## DATA SUPPLIED
╔══

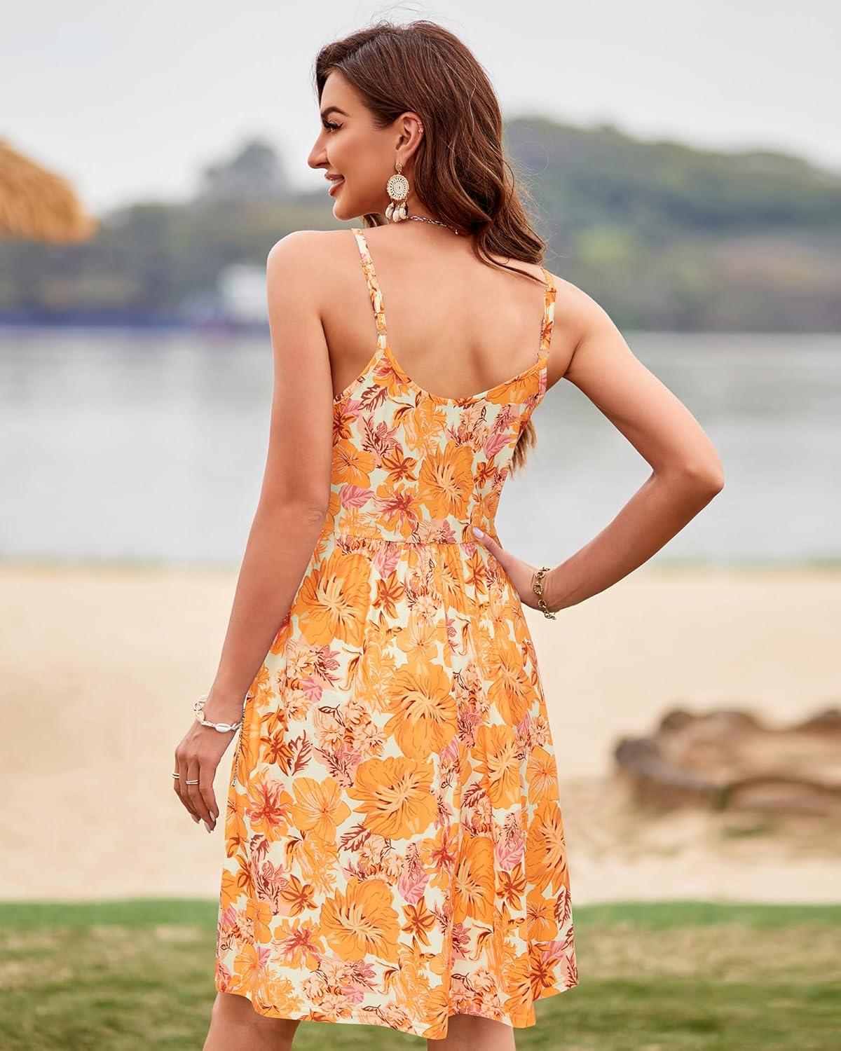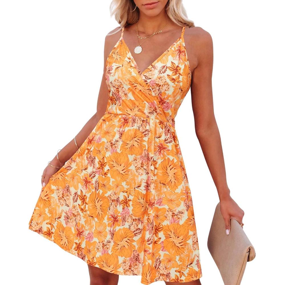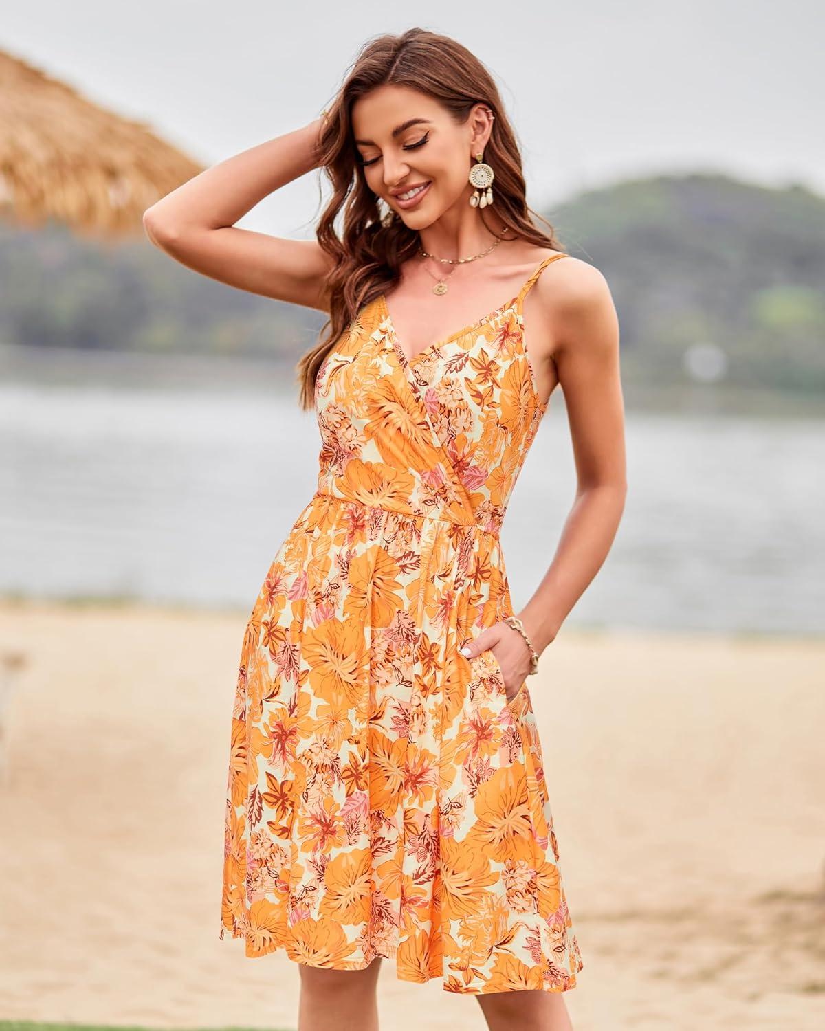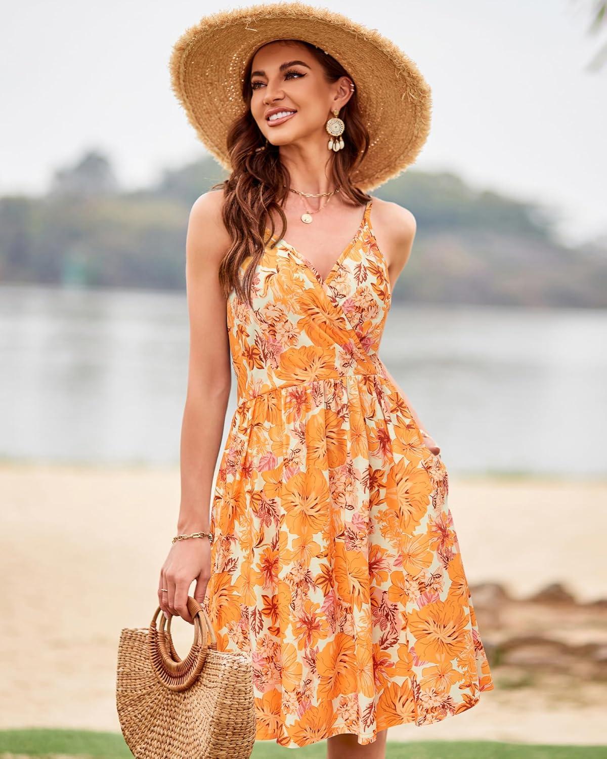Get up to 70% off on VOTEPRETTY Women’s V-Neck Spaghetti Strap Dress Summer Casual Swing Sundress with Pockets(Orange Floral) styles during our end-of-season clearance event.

╚══
╔══

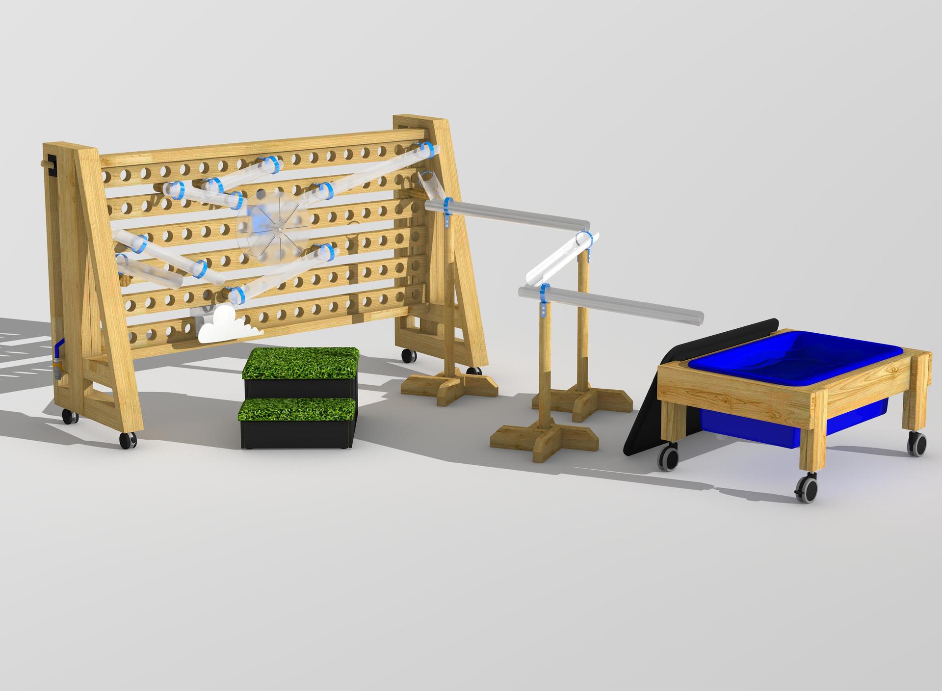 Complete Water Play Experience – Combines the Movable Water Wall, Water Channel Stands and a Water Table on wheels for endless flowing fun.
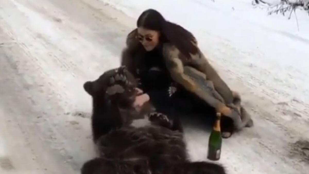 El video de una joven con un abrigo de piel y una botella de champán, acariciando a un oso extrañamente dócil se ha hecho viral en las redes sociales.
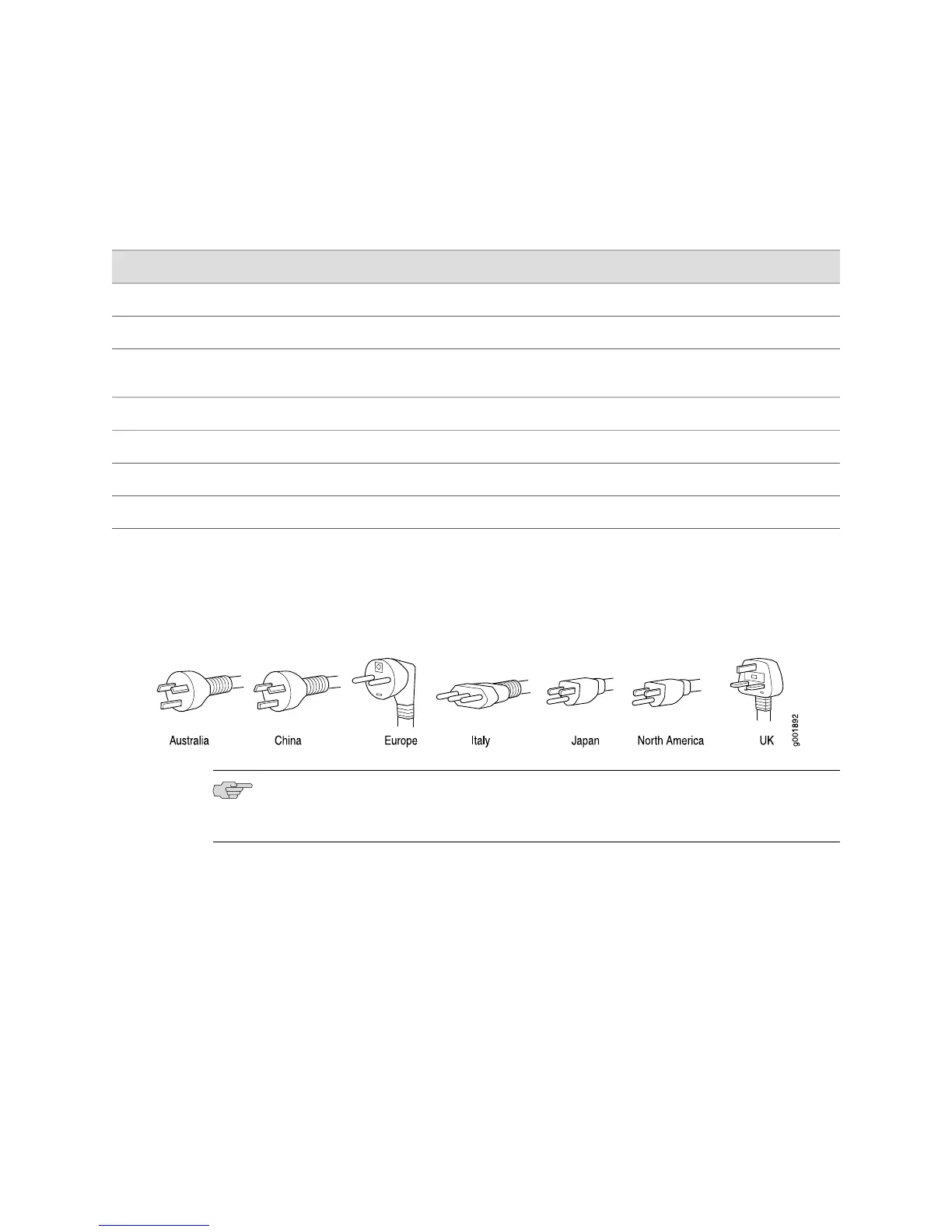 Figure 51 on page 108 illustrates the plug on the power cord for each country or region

╚══

## WHAT THE TASK REQUIRES
Working from the records above, set down word for word everything from the line containing "Complete Water Play" down to the line containing "Figure 51 on", ends included, minus the pictures.

## EXERCISE RESPONSE
 Complete Water Play Experience – Combines the Movable Water Wall, Water Channel Stands and a Water Table on wheels for endless flowing fun.
 El video de una joven con un abrigo de piel y una botella de champán, acariciando a un oso extrañamente dócil se ha hecho viral en las redes sociales.
 Figure 51 on page 108 illustrates the plug on the power cord for each country or region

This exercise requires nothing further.